### TASK INPUTS
+---+

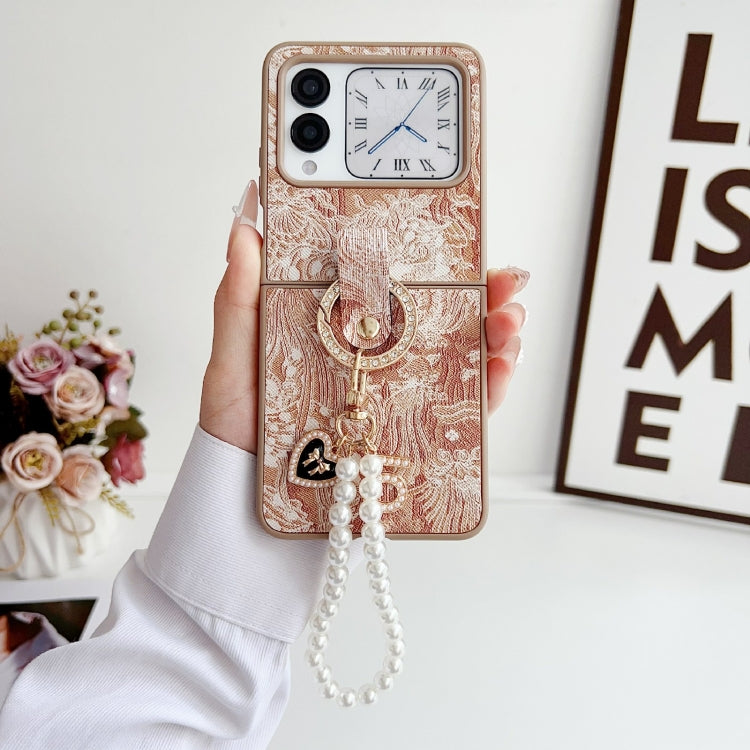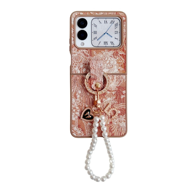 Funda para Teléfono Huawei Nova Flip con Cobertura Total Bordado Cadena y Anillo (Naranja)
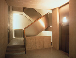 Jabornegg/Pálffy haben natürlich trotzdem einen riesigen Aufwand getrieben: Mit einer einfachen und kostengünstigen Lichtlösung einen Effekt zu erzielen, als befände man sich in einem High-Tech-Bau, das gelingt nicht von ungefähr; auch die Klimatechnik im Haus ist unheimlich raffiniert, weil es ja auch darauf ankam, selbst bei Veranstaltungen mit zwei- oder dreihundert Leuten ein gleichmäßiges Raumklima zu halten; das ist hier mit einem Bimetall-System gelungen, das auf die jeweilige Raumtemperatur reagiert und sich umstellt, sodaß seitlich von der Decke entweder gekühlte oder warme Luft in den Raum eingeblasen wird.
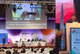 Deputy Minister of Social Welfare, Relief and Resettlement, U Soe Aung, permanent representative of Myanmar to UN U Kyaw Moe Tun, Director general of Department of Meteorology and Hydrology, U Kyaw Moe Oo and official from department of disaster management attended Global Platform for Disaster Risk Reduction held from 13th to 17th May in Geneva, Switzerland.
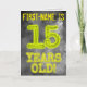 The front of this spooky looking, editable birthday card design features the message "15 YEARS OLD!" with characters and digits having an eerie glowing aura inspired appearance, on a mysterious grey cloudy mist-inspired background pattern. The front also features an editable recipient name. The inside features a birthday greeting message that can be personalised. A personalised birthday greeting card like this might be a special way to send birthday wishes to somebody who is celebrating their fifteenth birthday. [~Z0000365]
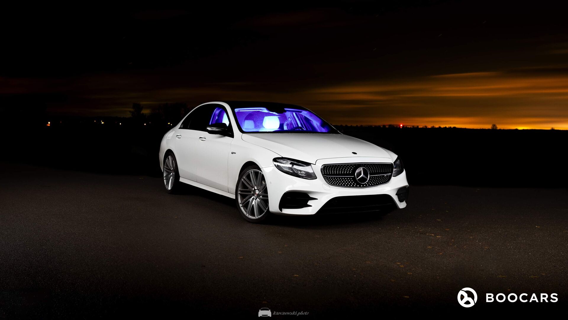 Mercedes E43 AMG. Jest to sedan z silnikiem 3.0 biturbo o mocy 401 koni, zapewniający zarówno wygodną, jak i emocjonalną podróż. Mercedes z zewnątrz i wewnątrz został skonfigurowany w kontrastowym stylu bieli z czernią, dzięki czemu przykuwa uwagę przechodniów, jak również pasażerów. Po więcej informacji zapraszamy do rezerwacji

+---+

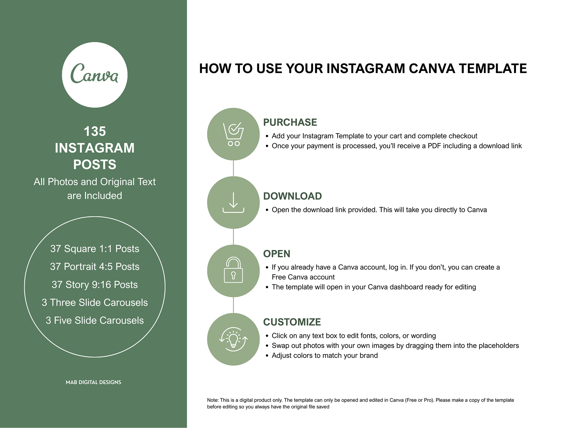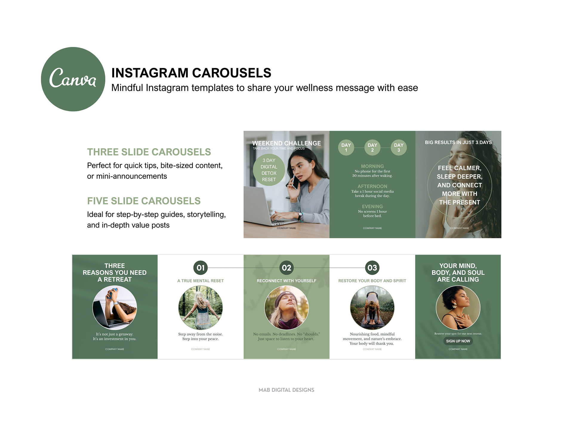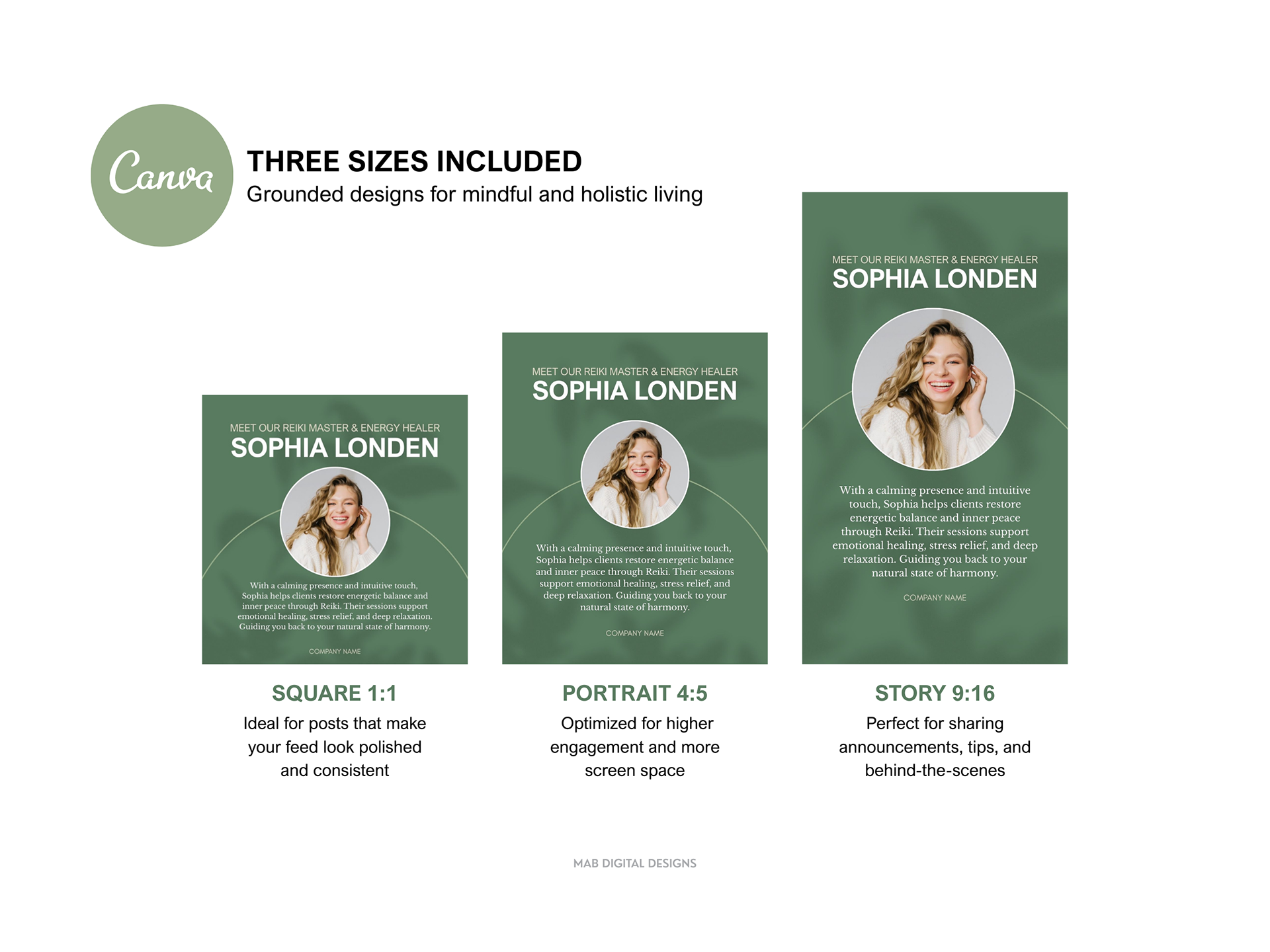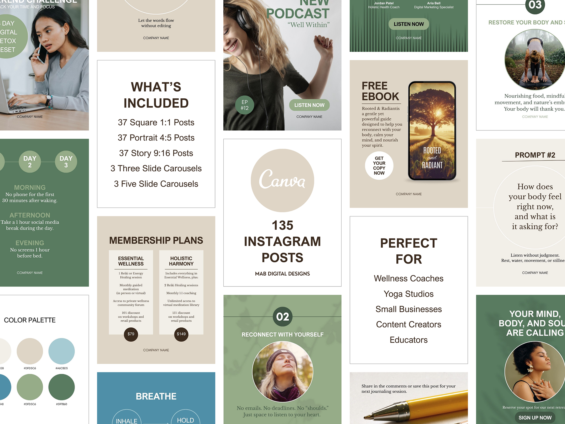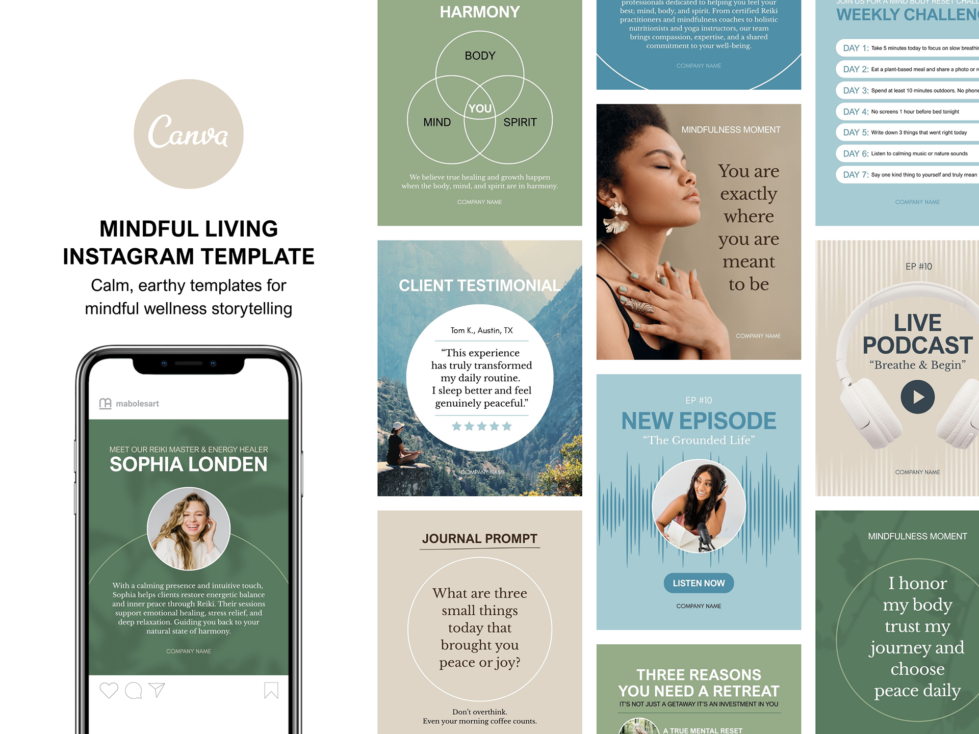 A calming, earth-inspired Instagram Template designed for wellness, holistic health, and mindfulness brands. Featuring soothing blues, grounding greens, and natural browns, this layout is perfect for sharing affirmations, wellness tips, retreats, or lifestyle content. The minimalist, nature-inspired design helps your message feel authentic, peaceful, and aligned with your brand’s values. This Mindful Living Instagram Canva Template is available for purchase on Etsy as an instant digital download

+---+

Out of the records above, return only the lines from the one with "Funda para Teléfono" through the one with "Mercedes E43 AMG.", exactly, and none of the pictures.

 Funda para Teléfono Huawei Nova Flip con Cobertura Total Bordado Cadena y Anillo (Naranja)
 Jabornegg/Pálffy haben natürlich trotzdem einen riesigen Aufwand getrieben: Mit einer einfachen und kostengünstigen Lichtlösung einen Effekt zu erzielen, als befände man sich in einem High-Tech-Bau, das gelingt nicht von ungefähr; auch die Klimatechnik im Haus ist unheimlich raffiniert, weil es ja auch darauf ankam, selbst bei Veranstaltungen mit zwei- oder dreihundert Leuten ein gleichmäßiges Raumklima zu halten; das ist hier mit einem Bimetall-System gelungen, das auf die jeweilige Raumtemperatur reagiert und sich umstellt, sodaß seitlich von der Decke entweder gekühlte oder warme Luft in den Raum eingeblasen wird.
 Deputy Minister of Social Welfare, Relief and Resettlement, U Soe Aung, permanent representative of Myanmar to UN U Kyaw Moe Tun, Director general of Department of Meteorology and Hydrology, U Kyaw Moe Oo and official from department of disaster management attended Global Platform for Disaster Risk Reduction held from 13th to 17th May in Geneva, Switzerland.
 The front of this spooky looking, editable birthday card design features the message "15 YEARS OLD!" with characters and digits having an eerie glowing aura inspired appearance, on a mysterious grey cloudy mist-inspired background pattern. The front also features an editable recipient name. The inside features a birthday greeting message that can be personalised. A personalised birthday greeting card like this might be a special way to send birthday wishes to somebody who is celebrating their fifteenth birthday. [~Z0000365]
 Mercedes E43 AMG. Jest to sedan z silnikiem 3.0 biturbo o mocy 401 koni, zapewniający zarówno wygodną, jak i emocjonalną podróż. Mercedes z zewnątrz i wewnątrz został skonfigurowany w kontrastowym stylu bieli z czernią, dzięki czemu przykuwa uwagę przechodniów, jak również pasażerów. Po więcej informacji zapraszamy do rezerwacji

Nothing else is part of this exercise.